- EUR/USD faces some sell-off around 1.0730 in Tuesday’s early European session.
- The major pair holds below the key EMA with an oversold RSI condition.
- The first downside target is located at 1.0720; the 1.0800–1.0805 region acts as an immediate resistance level.
The EUR/USD pair extends its downside to 1.0730, the weekly low during the early European session on Tuesday. The upbeat US ISM Manufacturing PMI for March lifts the US Dollar (USD) and drags the EUR/USD pair lower. Investors will take more cues from Fedspeak later on Tuesday, including Michelle Bowman, Loretta Mester, John Williams, and Mary Daly.
Technically, EUR/USD maintains the bearish outlook unchanged as the major pair is below the 50- and 100-period Exponential Moving Average (EMA) on the four-hour chart, which means the path of least resistance level is to the downside. It’s worth noting that the Relative Strength Index (RSI) holds in bearish territory around 28. However, the oversold RSI condition indicates that further consolidation cannot be ruled out before positioning for any near-term EUR/USD depreciation.
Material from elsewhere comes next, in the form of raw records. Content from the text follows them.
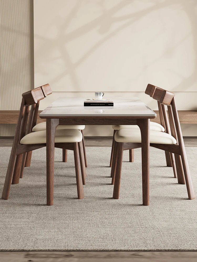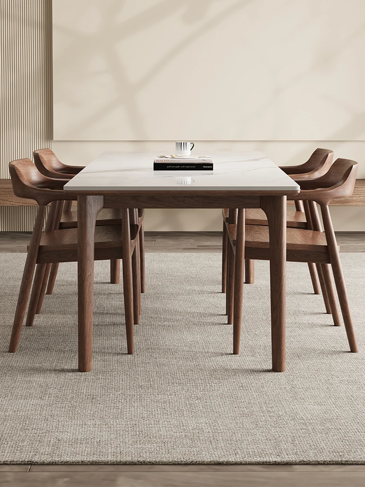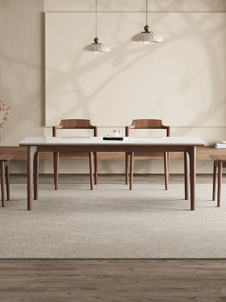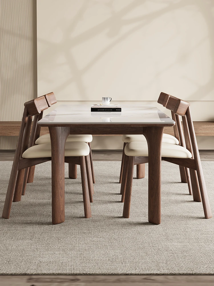 ブラックウォールナット無垢材デリフォン岩板ダイニングテーブル - 宋氏美学を取り入れた高級感あふれる小型住宅向け、家族団らんにぴったりな全托式テーブル!
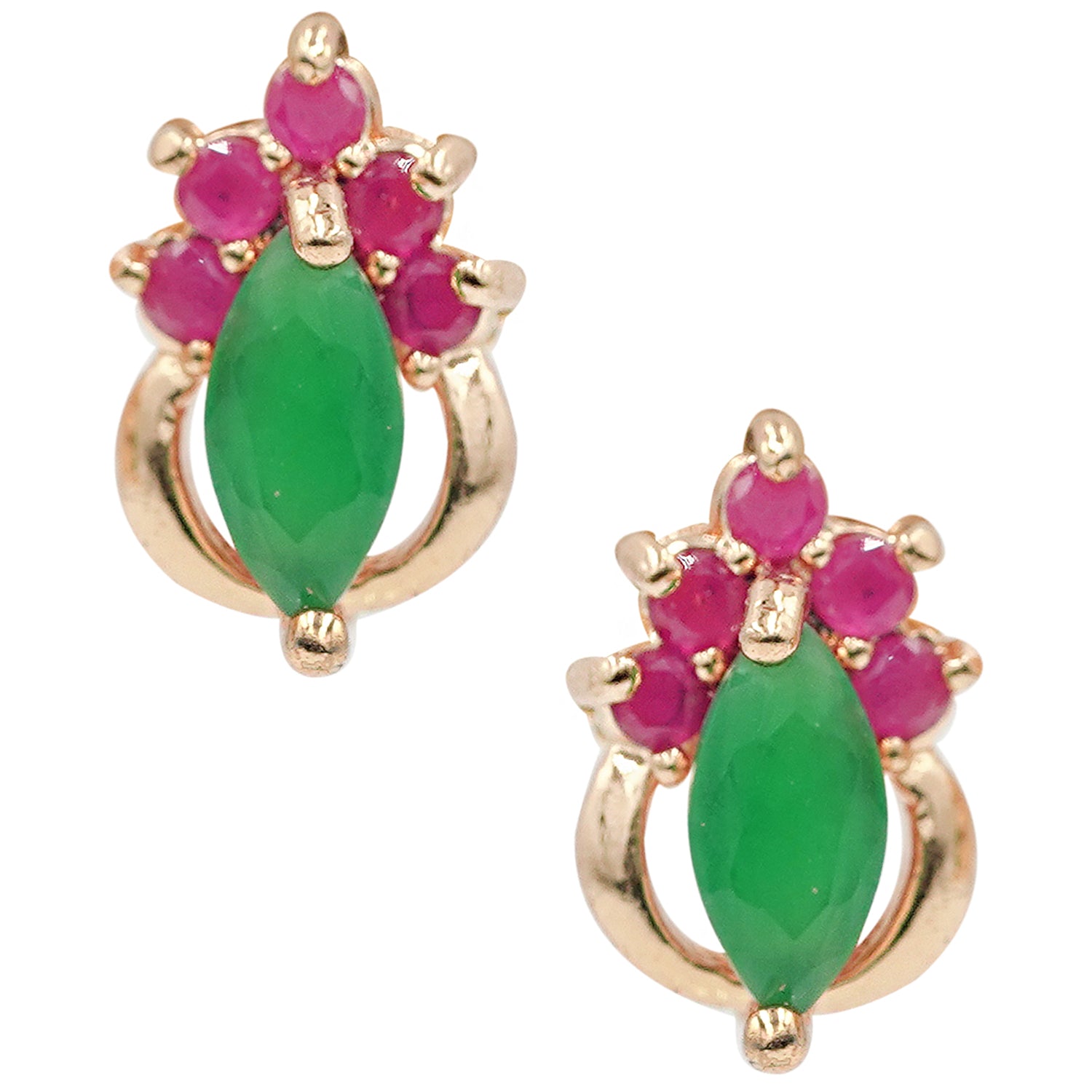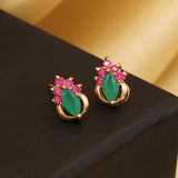 Gold Plated Pink And Green CZ Earrings
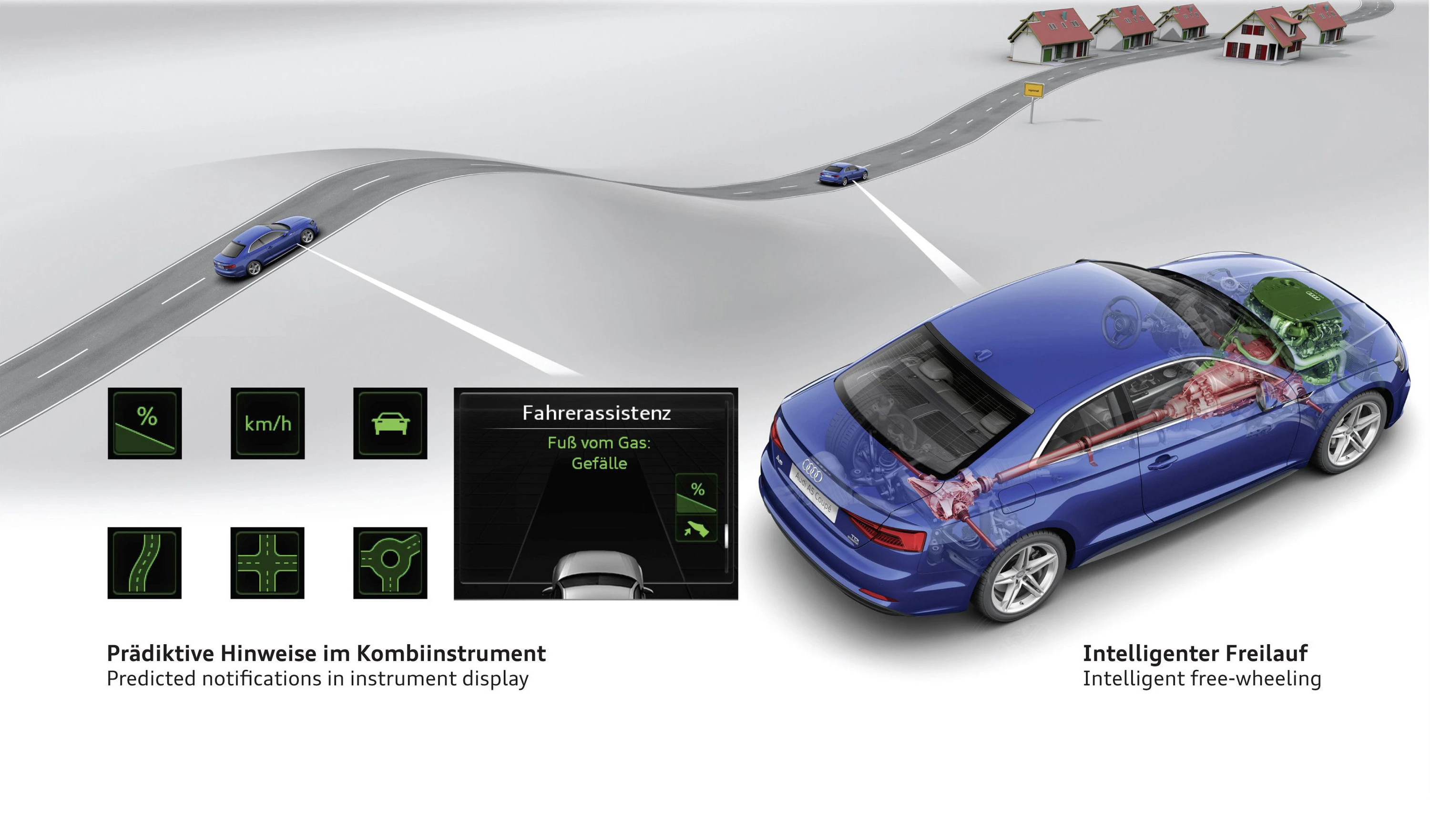 Føreren vises tilsvarende informasjon i instrumentgruppen eller i Audi virtual cockpit og head-up-displayet så snart det er fornuftig å ta foten av høyre pedal. Symboler for fartsgrenser, svinger, rundkjøringer, byer eller nedoverbakker som indikerer at sjåføren må bremse ned, vises på grunnlag av rutedata og gjenkjenning av trafikkskilt. Avhengig av modell pulserer gasspedalen også mot fotsålen til føreren – en klar indikasjon på å ta foten av gassen.
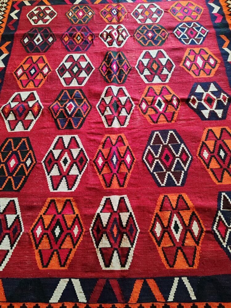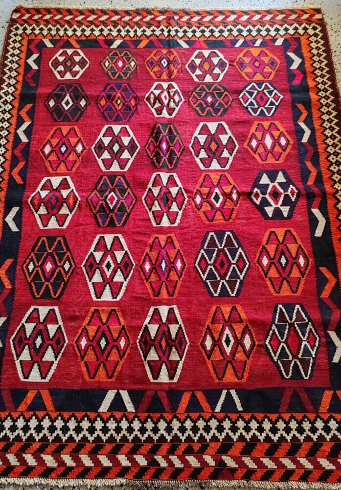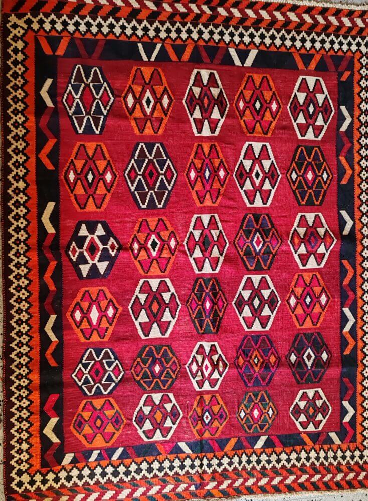 Tappeto kilim persiano, Qashqai molto fine di manifattura, 100% lana, colori molto vivaci, disegno geometrico perciò risulta moderno.
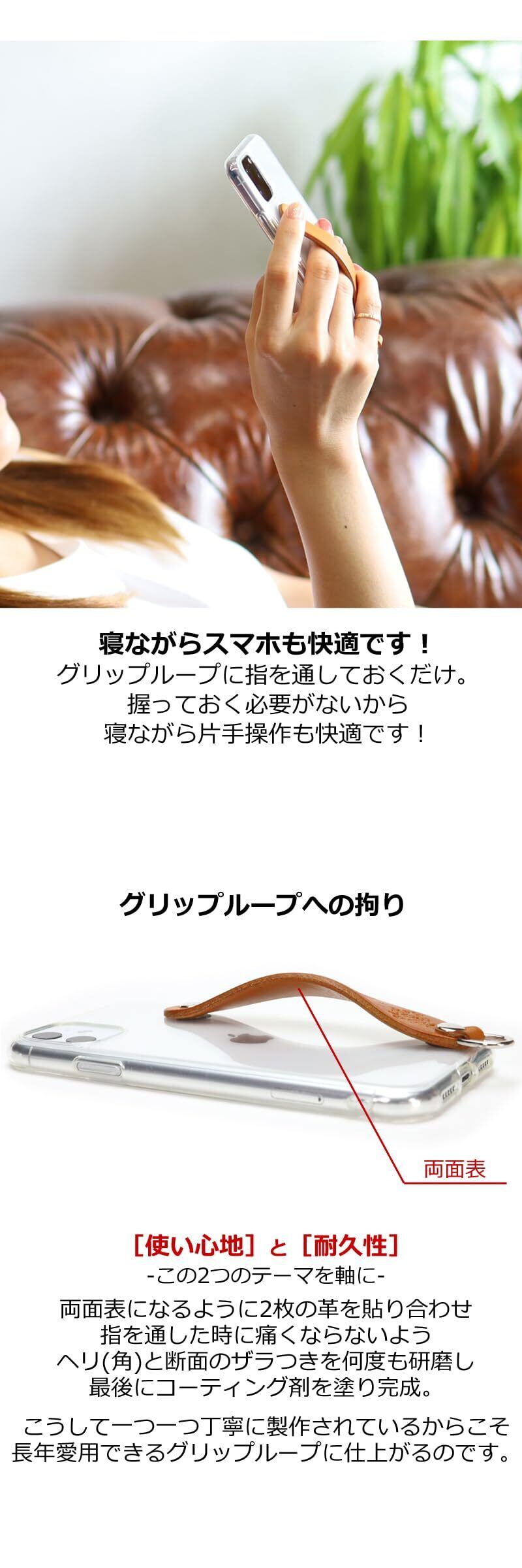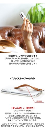 クリアのTPUケースをベースに、スマホのディテールを崩さずグリップループの機能をプラスしたシンプルグリップケース。サッと指を通すだけで、スマホを楽にホールドでき様々なシチュエーションで活躍してくれること間違いなしのケースです!
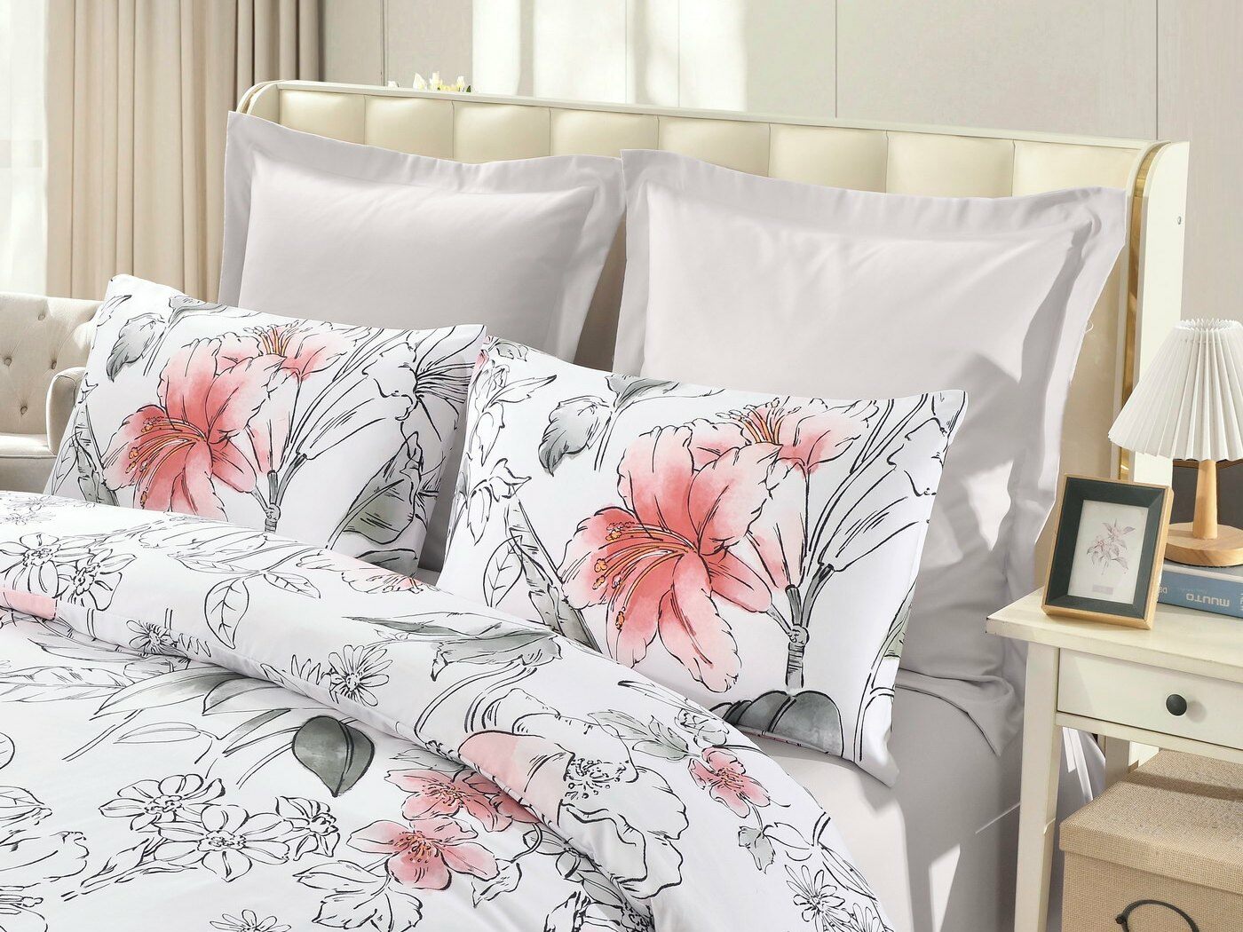 Пошив: пододеяльник на пуговицах, наволочки с клапаном.

The key contention level will emerge near the confluence of the lower limit of the Bollinger Band and a low of February 13 at 1.0720. Any follow-through selling below the latter will see a drop to a low of November 9, 2023, at 1.0660, followed by a low of November 2, 2023, at 1.0565.
On the upside, the 50-period EMA and a high of March 29 at the 1.0800-1.0805 zone act as an immediate resistance level for EUR/USD. The additional upside filter to watch is the 100-period EMA at 1.0822. The next hurdle is seen near a high of March 26 at 1.0864.